(PROVIDED MATERIAL):
•••••

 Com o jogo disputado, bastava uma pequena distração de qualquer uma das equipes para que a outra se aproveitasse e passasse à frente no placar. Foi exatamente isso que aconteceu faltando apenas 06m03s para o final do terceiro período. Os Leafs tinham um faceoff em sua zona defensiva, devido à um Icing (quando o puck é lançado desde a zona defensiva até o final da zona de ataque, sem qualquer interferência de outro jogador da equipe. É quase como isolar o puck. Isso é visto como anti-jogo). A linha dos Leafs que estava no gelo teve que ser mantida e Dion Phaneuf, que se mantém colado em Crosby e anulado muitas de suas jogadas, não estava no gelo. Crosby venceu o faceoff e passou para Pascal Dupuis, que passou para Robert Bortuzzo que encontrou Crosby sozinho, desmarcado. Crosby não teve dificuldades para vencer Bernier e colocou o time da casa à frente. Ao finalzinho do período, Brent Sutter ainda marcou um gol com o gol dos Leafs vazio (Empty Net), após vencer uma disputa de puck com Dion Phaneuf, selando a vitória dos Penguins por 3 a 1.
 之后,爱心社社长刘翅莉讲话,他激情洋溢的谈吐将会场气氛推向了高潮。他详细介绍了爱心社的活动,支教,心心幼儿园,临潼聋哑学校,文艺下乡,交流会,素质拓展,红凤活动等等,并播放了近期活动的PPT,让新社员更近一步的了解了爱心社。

•••••

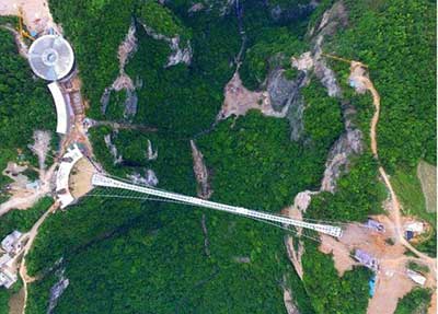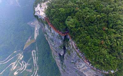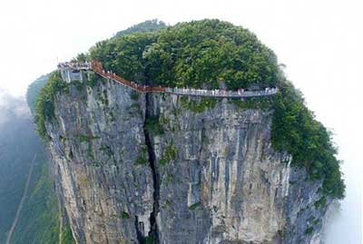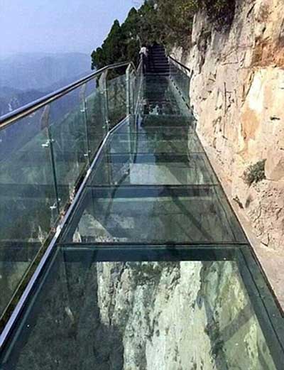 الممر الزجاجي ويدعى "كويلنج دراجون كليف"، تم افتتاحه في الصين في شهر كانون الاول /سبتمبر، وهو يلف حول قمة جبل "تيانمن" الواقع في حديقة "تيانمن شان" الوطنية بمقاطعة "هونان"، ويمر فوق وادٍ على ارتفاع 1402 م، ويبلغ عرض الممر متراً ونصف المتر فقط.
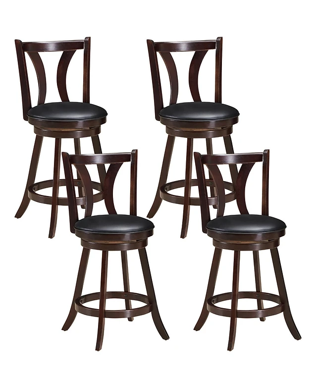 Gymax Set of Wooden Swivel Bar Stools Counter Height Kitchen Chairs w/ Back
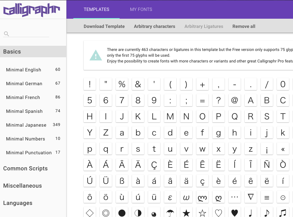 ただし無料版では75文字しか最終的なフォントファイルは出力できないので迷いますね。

•••••

(DIRECTIONS): Starting at the line with "الممر الزجاجي ويدعى" in the entries above, write out every line exactly until the line with "ただし無料版では75文字しか" has been written. Include no pictures and nothing more.

(OUTPUT OF THE TASK):
 الممر الزجاجي ويدعى "كويلنج دراجون كليف"، تم افتتاحه في الصين في شهر كانون الاول /سبتمبر، وهو يلف حول قمة جبل "تيانمن" الواقع في حديقة "تيانمن شان" الوطنية بمقاطعة "هونان"، ويمر فوق وادٍ على ارتفاع 1402 م، ويبلغ عرض الممر متراً ونصف المتر فقط.
 Gymax Set of Wooden Swivel Bar Stools Counter Height Kitchen Chairs w/ Back
 ただし無料版では75文字しか最終的なフォントファイルは出力できないので迷いますね。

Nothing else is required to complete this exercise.